- Directed by: Dave Fleischer William Henning (animation)
- Produced by: Max Fleischer
- Starring: Bonnie Poe (Betty Boop - voice) David Rubinoff Orchestra (themselves)
- Music by: David Rubinoff and his Orchestra
- Animation by: William Henning Seymour Kneitel
- Color process: Black and white
- Production company: Fleischer Studios
- Distributed by: Paramount Pictures
- Release date: December 2, 1933;
- Running time: 8 minutes
- Country: United States
- Language: English

= Parade of the Wooden Soldiers (film) =

Parade of the Wooden Soldiers is a 1933 Fleischer Studios live-action and animated short film starring Betty Boop.

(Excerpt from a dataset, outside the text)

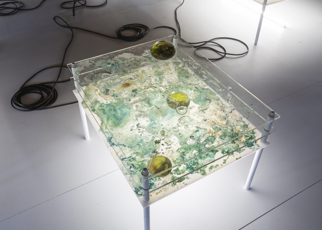 Vihreiden ja ruskeiden marmoroituneiden, roiskeisten ja täplikkäiden väriläiskien leikkiä voisi tuijottaa ikuisuuden. Samoin Lasismi-lasipajan Joonas Laakson puhaltamia orgaanisen kiemurtelevia, pyöreitä ja rinkulanmuotoisia lasiobjekteja. Lasin muodot herättävät ajatuksen siitä, että ne voivat muuttua minä hetkenä hyvänsä valuvaksi nesteenkaltaiseksi, venyä tai painua kasaan ja jähmettyä taas uuteen muotoonsa. Niistä ei oikein tiedä, katsooko jotain itselle tuntematonta kommunikaatio- tai merkkijärjestelmää, yksisoluisia eliölajeja vai elottomia lasiveistoksia. Teokseen kuuluu myös ääntä, jota ei pysty havaitsemaan ihmiskorvalla.

The instrumental title theme, "Parade of the Wooden Soldiers" (also known as "Parade of the Tin Soldiers"), was composed by Leon Jessel.

==Plot==
A large factory complex struggles to produce a single package, which is rushed to a toy store. The box opens, and out steps a Betty Boop doll. The other toys come to life, parade around to the music of Parade of the Wooden Soldiers and crown her their queen. But a large stuffed toy of King Kong begins breaking things up by kidnapping Betty. Eventually, the big ape is defeated, and the (somewhat damaged) toys resume their parade, and afterwards fall still on a counter in a store selling damaged toys.